I don't even know where to start. 

 I'm almost 38 weeks pregnant with our second child.  My mom, who I was as close with as humanly possible, passed away suddenly on June 3rd.  I watched my step-father have a stroke 20 minutes before my mom's visitation -- he is now in a stroke rehab and is expected to fully recover, thank goodness.  I'm seriously waiting on plagues and locusts at this point.

 I posted over a year ago about issues with my MiL.  We took the advice -- we cut her entirely out of our lives and got some therapy.  We haven't heard a word from her since August 2010 and to be honest, it's been the least stressful year of our 7 year relationship.  When we got home from my mom's funeral, there was a card in our mailbox from my MiL addressed to me, and the envelope is so thin that you can see that it's a sympathy card at a glance.  Honestly, I'm too numb to know how I feel about it.  When H cut off contact, he laid out exactly what would happen if/when she tried to contact us in various ways.  One of which was that he would send any mail back to her, unopened. 

Now almost a year later, I have long since passed any normal person's maximum stress level and quite frankly, I can't handle the sh!t-storm of drama that she would stir up if we returned a sympathy card -- she lives in a perpetual place of 'look how I've been wronged!'  I would rather toss it and be done.  My H wants to do what we said we were going to do and send it back.  He feels like if we don't, she will see this as an opportunity to get back into our lives.  (Quick recap:  The last unsolicited email she sent me, she called me a bunch of ugly names and wrote that my husband ruined his life when he married me.  She didn't want any relationship with our son... blah, blah, blah.  She has been blocked on our emails and phones among other safeguards against her lunacy.)

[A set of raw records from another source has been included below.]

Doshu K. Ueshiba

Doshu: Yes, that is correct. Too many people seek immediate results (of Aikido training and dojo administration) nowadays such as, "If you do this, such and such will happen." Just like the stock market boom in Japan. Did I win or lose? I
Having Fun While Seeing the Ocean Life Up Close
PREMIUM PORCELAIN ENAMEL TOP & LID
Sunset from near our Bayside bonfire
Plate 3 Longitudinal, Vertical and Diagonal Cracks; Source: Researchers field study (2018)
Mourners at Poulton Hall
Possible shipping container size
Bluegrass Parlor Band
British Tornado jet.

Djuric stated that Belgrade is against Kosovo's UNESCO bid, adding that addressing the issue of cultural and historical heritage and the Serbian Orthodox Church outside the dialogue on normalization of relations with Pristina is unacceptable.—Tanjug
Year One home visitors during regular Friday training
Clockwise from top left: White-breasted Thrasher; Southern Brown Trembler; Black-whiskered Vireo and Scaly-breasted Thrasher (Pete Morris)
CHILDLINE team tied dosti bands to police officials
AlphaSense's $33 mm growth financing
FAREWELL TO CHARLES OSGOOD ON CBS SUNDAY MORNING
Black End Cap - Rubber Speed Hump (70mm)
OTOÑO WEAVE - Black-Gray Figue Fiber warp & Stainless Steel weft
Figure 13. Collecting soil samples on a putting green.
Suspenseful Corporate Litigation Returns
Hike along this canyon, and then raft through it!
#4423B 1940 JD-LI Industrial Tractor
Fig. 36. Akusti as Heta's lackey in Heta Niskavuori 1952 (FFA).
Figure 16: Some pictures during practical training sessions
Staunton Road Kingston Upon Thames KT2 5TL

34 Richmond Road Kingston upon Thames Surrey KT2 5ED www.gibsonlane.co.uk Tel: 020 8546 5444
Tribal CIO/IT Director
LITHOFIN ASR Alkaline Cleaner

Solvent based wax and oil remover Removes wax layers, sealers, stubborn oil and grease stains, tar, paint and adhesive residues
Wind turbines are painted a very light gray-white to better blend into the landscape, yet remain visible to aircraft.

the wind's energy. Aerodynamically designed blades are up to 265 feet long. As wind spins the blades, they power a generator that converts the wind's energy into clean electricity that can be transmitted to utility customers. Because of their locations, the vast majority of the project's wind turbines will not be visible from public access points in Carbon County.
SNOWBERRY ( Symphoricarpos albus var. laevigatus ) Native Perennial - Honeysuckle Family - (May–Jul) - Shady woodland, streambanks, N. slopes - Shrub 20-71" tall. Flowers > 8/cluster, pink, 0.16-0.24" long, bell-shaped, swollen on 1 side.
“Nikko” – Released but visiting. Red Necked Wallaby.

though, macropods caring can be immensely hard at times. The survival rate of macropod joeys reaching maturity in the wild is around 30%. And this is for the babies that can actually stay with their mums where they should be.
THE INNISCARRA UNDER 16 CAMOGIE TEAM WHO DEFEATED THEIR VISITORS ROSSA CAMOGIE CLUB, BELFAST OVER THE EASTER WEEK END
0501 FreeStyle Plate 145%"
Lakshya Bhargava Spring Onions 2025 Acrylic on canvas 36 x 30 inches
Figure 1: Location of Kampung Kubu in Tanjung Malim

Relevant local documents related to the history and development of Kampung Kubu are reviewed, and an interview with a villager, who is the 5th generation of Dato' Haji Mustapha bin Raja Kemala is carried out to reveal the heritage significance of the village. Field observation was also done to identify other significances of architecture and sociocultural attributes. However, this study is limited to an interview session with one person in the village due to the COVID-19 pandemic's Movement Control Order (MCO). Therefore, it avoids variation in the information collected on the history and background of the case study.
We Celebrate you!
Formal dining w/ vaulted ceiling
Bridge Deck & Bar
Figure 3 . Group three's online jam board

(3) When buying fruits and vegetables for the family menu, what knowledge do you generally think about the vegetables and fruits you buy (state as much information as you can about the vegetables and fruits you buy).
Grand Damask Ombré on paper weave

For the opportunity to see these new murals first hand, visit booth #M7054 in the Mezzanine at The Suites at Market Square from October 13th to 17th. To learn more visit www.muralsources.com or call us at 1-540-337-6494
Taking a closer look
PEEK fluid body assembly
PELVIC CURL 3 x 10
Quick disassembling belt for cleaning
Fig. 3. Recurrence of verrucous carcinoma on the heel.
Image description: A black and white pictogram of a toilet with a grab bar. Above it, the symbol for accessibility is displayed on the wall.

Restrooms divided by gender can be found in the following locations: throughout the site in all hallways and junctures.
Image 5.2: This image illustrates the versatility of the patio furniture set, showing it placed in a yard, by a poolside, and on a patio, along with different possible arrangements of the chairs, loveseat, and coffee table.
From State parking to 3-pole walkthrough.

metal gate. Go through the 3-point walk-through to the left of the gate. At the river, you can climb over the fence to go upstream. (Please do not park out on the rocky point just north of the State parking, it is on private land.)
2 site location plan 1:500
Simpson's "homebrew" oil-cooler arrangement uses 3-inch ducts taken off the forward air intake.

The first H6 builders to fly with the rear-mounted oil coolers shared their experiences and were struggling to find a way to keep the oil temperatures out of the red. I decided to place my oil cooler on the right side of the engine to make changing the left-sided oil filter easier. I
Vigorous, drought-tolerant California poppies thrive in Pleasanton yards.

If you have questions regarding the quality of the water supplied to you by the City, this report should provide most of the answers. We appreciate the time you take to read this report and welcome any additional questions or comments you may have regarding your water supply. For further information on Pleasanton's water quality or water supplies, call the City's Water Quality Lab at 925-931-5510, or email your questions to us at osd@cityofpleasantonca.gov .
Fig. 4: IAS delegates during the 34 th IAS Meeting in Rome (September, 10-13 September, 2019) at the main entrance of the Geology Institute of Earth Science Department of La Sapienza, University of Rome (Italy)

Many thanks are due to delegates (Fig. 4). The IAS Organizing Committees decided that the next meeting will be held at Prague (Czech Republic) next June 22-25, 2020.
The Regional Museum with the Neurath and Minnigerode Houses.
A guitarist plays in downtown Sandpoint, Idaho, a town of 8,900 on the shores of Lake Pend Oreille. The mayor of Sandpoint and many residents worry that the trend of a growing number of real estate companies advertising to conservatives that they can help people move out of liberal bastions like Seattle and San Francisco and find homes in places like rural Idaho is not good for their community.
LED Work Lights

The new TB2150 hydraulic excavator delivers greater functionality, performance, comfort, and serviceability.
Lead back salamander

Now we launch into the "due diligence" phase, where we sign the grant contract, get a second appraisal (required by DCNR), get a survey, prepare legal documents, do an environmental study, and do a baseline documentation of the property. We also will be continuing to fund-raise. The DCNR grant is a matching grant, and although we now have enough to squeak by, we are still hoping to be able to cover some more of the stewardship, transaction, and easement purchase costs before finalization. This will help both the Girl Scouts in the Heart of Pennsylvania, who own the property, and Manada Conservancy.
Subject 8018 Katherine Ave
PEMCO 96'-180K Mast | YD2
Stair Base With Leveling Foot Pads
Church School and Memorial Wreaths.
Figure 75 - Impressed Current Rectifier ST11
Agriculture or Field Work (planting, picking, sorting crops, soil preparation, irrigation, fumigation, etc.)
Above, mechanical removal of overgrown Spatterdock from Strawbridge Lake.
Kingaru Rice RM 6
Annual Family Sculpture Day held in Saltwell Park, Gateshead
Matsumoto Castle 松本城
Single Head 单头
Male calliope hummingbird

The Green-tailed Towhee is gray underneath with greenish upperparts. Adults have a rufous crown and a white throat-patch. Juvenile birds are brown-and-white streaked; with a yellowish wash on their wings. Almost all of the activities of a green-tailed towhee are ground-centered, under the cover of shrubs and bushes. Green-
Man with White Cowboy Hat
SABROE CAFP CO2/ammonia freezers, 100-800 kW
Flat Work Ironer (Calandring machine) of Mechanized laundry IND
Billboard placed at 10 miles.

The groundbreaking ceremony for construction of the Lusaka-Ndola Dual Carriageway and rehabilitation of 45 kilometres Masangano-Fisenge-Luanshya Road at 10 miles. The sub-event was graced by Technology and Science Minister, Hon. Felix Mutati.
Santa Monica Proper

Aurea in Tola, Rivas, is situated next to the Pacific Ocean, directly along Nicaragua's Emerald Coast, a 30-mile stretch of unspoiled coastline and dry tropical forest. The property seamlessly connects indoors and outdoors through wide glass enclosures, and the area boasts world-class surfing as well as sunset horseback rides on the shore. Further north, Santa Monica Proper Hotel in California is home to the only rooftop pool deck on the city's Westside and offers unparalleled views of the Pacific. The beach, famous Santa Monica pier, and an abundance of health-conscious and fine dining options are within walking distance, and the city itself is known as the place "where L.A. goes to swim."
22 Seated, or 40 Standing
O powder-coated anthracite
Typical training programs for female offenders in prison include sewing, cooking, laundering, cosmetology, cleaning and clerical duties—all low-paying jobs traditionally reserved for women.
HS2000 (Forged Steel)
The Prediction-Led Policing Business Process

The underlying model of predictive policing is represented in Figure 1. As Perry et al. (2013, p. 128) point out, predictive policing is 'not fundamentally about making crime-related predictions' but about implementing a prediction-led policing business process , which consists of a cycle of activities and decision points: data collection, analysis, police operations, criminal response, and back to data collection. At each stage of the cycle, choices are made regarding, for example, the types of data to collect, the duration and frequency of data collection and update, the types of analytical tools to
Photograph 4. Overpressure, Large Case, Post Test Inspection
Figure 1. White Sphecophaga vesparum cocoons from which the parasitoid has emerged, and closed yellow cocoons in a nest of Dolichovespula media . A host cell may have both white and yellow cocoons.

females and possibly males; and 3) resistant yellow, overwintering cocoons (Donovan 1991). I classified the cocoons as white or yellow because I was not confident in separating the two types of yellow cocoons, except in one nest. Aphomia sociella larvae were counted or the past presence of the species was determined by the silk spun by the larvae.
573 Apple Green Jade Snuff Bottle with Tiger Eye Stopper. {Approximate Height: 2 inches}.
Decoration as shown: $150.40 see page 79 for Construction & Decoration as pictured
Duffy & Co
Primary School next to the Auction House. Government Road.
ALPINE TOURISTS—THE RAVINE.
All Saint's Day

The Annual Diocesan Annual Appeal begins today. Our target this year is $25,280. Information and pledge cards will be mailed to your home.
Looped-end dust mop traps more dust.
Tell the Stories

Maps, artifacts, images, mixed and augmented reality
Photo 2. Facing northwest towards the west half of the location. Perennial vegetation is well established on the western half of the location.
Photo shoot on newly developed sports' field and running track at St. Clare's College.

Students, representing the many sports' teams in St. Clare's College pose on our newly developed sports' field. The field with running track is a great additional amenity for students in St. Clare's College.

 What gets me is that she went out of her way to be hateful to my mom. Serioulsy down right evil to her.  She has never been anything but nasty to me.  Holidays have come and gone... my son's first birthday has come and gone and we haven't heard a peep from her.  I don't know why she would choose a time like this to try to pop back into our lives, unless she sees me as vulnerable and is just being an opportunist.  I don't know.... I guess nothing should surprise me anymore.  H is furious that she would pick now of all time to do this when he specifically said not to contact us for any reason whatsoever. 

So... send it back and wait for the inevitable drama or toss it in the trash and wait until we're better able to cope with her crazy later on?

Re: Just A Vent...

  • Hoo boy. What a roller coaster of emotions. I'm sorry about your mother :( And I hope your step-dad will be O.K.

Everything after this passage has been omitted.